The cheap functionality of contract office products does not sit well in the domestic environment. People at home look for the pleasure of writing in a beautiful notebook with a smoothwriting, solid-feeling pen. Desk accessories need to satisfy the aesthetics of the home. It’s a flight to quality away from price-sensitivity; an opportunity to increase cash margin by marketing directly to your local marketplace and upselling directly to the end-user.

Then there’s the corporate perspective. Ask yourself why you like working where you do? Is it the work you do? The people with whom you work? If you’ve been working from home, do you feel as much a part of the team as you did before, or do you feel the loss of those water cooler conversations - a lost camaraderie eroding the bonds that held you together?

These are concerns held by clients seeking to manage a dispersed workforce. There is business risk from people becoming increasingly isolated, depressed and, consequently, less productive, as well as from having to recruit and train replacements as staff turnover ticks up.
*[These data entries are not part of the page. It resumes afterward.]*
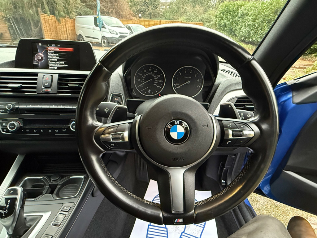 APPOINTMENT ONLY v power socket - centre console, 12v power socket - passenger footwell, 12v power socket - rear of centre console, 6.5in colour display screen, auxiliary input, bmw apps interface, bmw emergency call, bmw professional radio - single cd and mp3, bmw teleservices, bluetooth - audio streaming - with compatible devices, bluetooth hands free with usb audio interface, dab digital radio, full black panel display, navigation system - bmw professional multimedia, power socket - 12v in luggage compartment, remote services, shark fin aerial, usb audio interface, 18in alloy wheels - m light double spoke - 436m, airblades - ferric grey, bmw mobility system, bumpers - body colour, door handle lighting, door handles - body colour, door mirrors - electric and heated, door mirrors - ferric grey housing, electric windows - front and rear with open-close fingertip control, exhaust tailpipe - dark chrome - dual - round - split, exit lights in doors, exterior door handle light using led technology, exterior trim - high-gloss shadowline, heat protection glazing with green tint, heated windscreen washer jets, high grip tyres, kidney grille - chrome extra-wide eight high-gloss black vertical slats, kidney grille - chrome extra-wide high-gloss black vertical slats, locking wheel bolts, m aerodynamic bodystyling, m rear spoiler, roof mouldings - body colour, tyres - reduced rolling resistance, abs - anti lock braking system, asc - automatic stability control, airbags - driver, airbags - front side, airbags - head - front and rear, airbags - passenger, airbags - passenger deactivation, alarm system thatcham 1 with remote control, automatic lock when driving away selectable, battery safety cut off, brake assist, brake drying, bumper system front and rear - replaceable deformation elements for impacts up to 9mph, cbc - cornering brake control, central locking - remote, child seat isofix attachment - rear x2, crash sensor, crash sensor - activating central locking-hazard warning lights-fuel cut off, dbc - dynamic brake control, dsc - dynamic stability control plus, dtc - dynamic traction control, dynamic brake lights, engine immobiliser, first aid kit, hill start assist, incorrect fuelling protection system, seat belt security check for driver and front passenger, side impact protection, speed limit function, warning triangle, adaptive headlights, follow me home headlight function, headlights - automatic activation, headlights - beam throw control, headlights - led corona rings, headlights - washer system, high level third brake light, led rear light bars, led tailights, xenon headlight package, xenon headlights, air conditioning - automatic with two-zone control, ambient light - front, ambient lighting - switchable bmw classic orange - cold white - led, armrest - front and rear integrated into door trim, armrest - front with sliding adjustment, automatically dimming rear view mirror, comfort go keyless engine start, cup holders - front x2, door pockets on rear doors, door sill finishers - m235i designation, extended lighting, extended storage, floor mats - velour, footwell lights - front, front reading lights using led technology, gearshift lever with m designation, glove box with chrome surround and key lock, grab handles - in roof lining x4, grab handles with coat hooks, handbrake lever - gear lever knob and gaiters in leather, head restraints - rear and folding, headlining - anthracite, humidity sensor, illuminated vanity mirrors for driver and passenger, interior comfort package, interior trim - aluminium hexagon with black high gloss finisher, luggage compartment - electric unlocking via the keys remote control, luggage compartment - lashing eyes extra x2, luggage compartment - lashing eyes x2, luggage compartment - retaining straps, luggage compartment - storage nets, luggage compartment light - led, multifunction controls for steering wheel, personal profile, rain sensor with automatic headlight activation, reading lights - front and rear, rear interior light - centre with reading lights using led technology, seats - 60-40 split folding rear, seats - electric adjustment for backrest side bolsters, seats - front - manual height adjustment, solar sensor, sport seats - front, steering column with manual reach and rake adjustment, steering wheel - gearshift paddles, steering wheel - leather - m sport, storage - compartment in instrument panel on drivers side with folding cover, storage compartment - rear centre console and in door trim - front, storage nets on seat backrests, sun visors with illuminated vanity mirrors and ticket pocket, trim finisher - estoril blue - matt, two cupholders inserts for small items, versatile net, welcome light, brake pad wear indicator - front and rear, check control warning system, drive performance control - eco pro - comfort - sport - sport plus, integration of launch control functionality, lights-on audio warning, m sport braking system, m sport suspension, obc - on-board computer, optimum shift indicator, outside temperature display with ice warning, pdc - park distance control - rear, sport automatic transmission, sport instrument cluster - differentiated dial design featuring finer chrono-scaling, tpms - tyre pressure monitoring system, variable sport steering
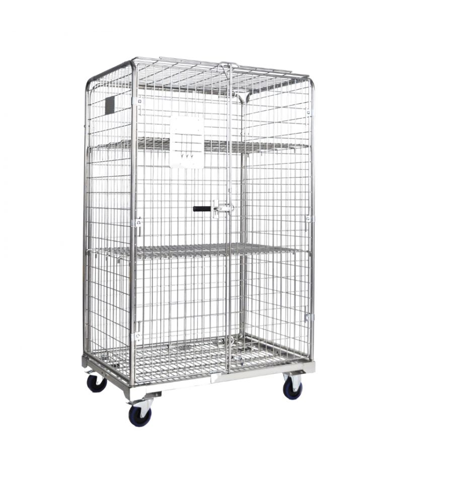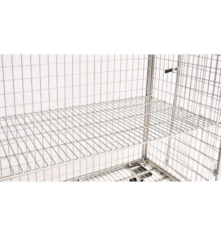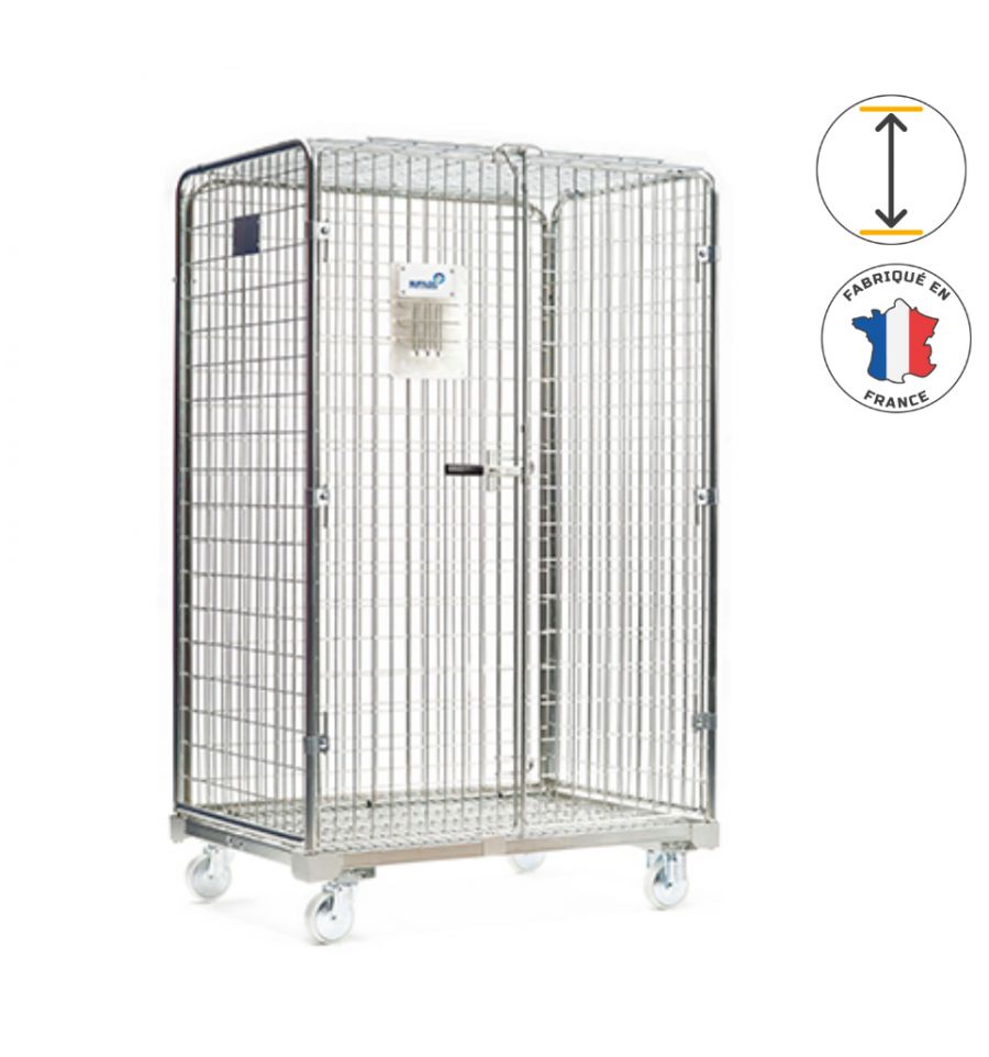 Ce chariot de manutention est doté de 4 côtés et d'un toit. Le tout refermable par cadenas.
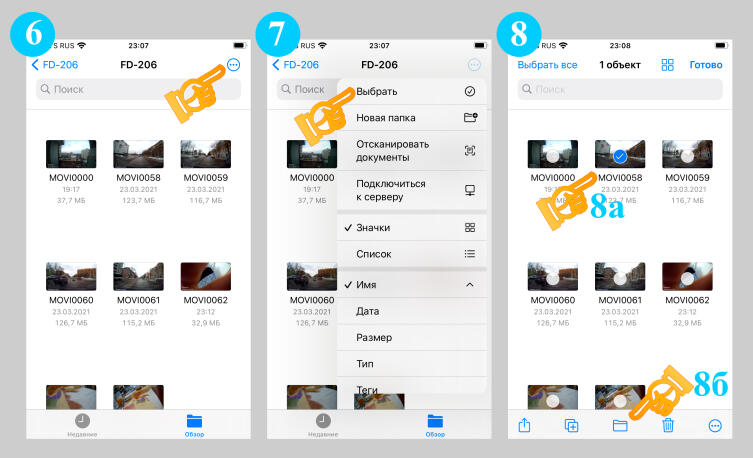 Шаг 8. Программа снова возвращает нас к содержимому папки FD-206, где касанием выбираем нужный для переноса видеофайл и далее касаемся значка «Перенести» в нижней строке меню.
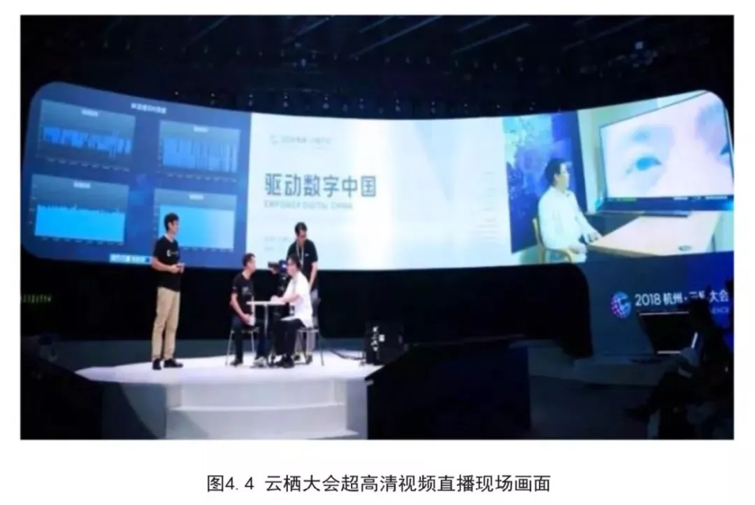 2018年9月,国内多家公司联合在杭州云栖大会上完成了首次专业级5G+8K视频直播应用,实现了传统视频直播体验的升级。此次应用的总体设计以实现5G+8K直播应用为核心,通过产业链伙伴协同合作,合理运用5G网络资源,实现5G与8K两项新技术的联合应用示范。主要包括头端设备(8K摄像机、8K编码器)、网络传输设备(5G终端及组成5G基站、专线的各种网络设备)、播放设备(8K解码器、8K电视)等多个环节的协同配合。5G终端下载速率超过800Mbps,可以满足码率为300Mbps的8K视频信号传输,并实现多项延展功能。
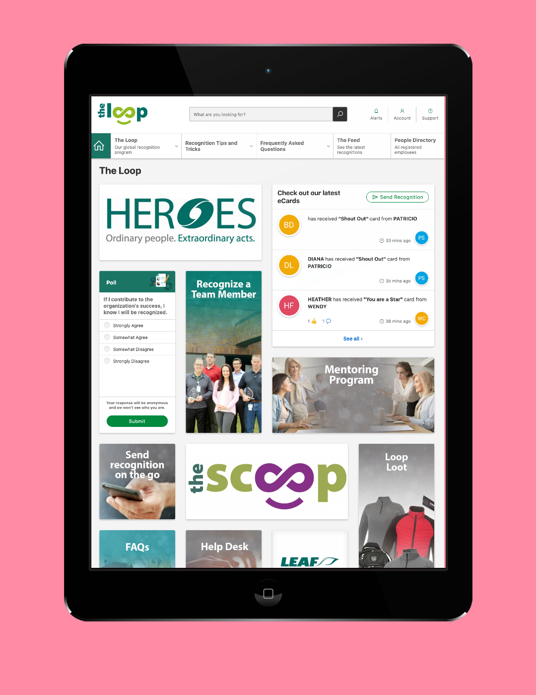 Sheri Treu, Director of Organisational Development at ORBIS Corporation says, “We had a paper process before, so our reward and recognition programs were very manual and hard to track. Our people were demonstrating the LEAF behaviours, but there wasn’t a way to publicise it before so we needed to modernise our approach to employee recognition. Through our platform, The Loop, we've been able to offer a place for people to go to.”
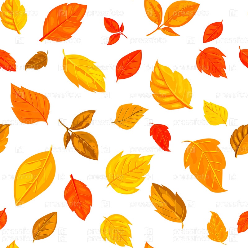 Красочные осенние листья в различных оттенках и формах на белом фоне. Концепция бесшовного узора. Векторная иллюстрация
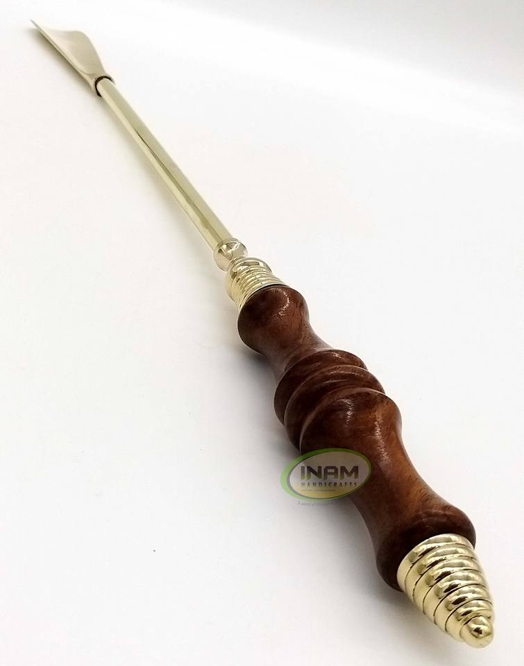 ทองเหลืองโบราณไม้ฮอร์นรองเท้าออกแบบไม้และทองเหลืองช้อนยก/ฮอร์นรองเท้า
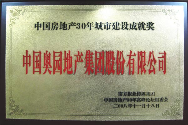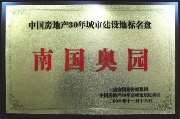 (2008年12月12日——广州)中国MK官方网页版地产集团股份有限公司(股票编号:3883)在南方报业传媒集团、中国房地产30年高峰论坛组委会主办的中国房地产30年颁奖盛典上荣获“中国房地产30年城市建设成就奖”荣誉,与此同时,集团董事局主席郭梓文先生亦荣获“中国房地产30年十大杰出贡献人物奖”,集团旗下的南国MK官方网页版荣获“中国房地产30年城市建设地标名盘”称号。
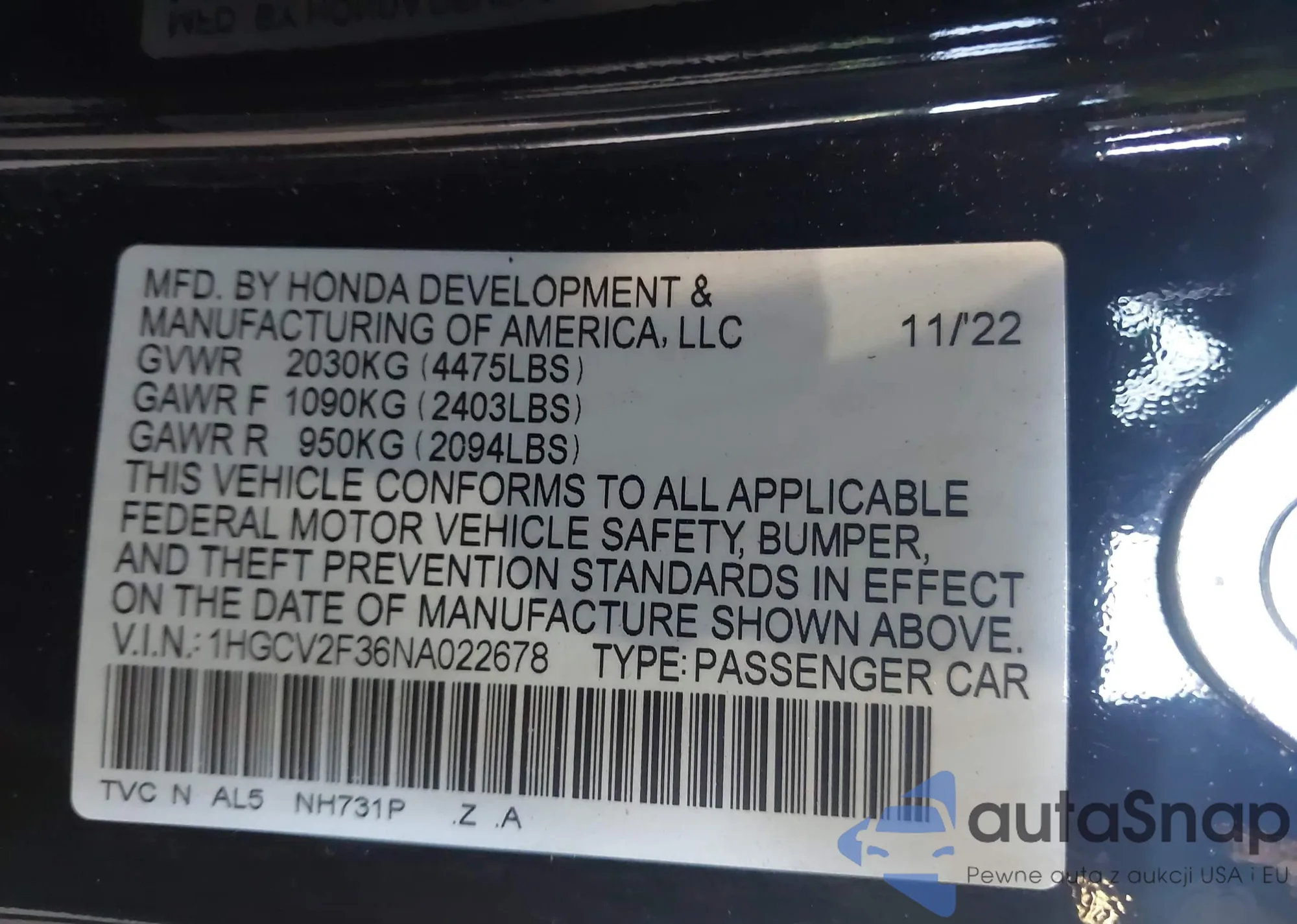 VIN: 1HGCV2F36NA022678
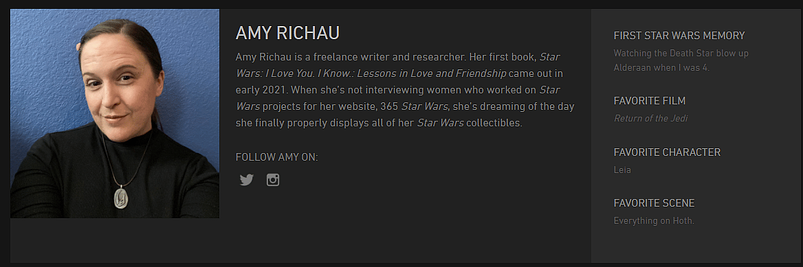 As noted by StarWars.com, Richau is a “freelance writer and researcher.”

Like all risk, it creates opportunity. Why not suggest to clients they provide corporate branded products to keep remote staff engaged? From mugs and notebooks to promotional products like blankets, scarves, plants, beer and gin. Are you bold enough to move towards a servitisation model and offer staff surveys to gauge wellbeing and host team-building forums?

Keep your business lean, fit and agile, be as passionate and committed as an international rugby player, and keep on winning.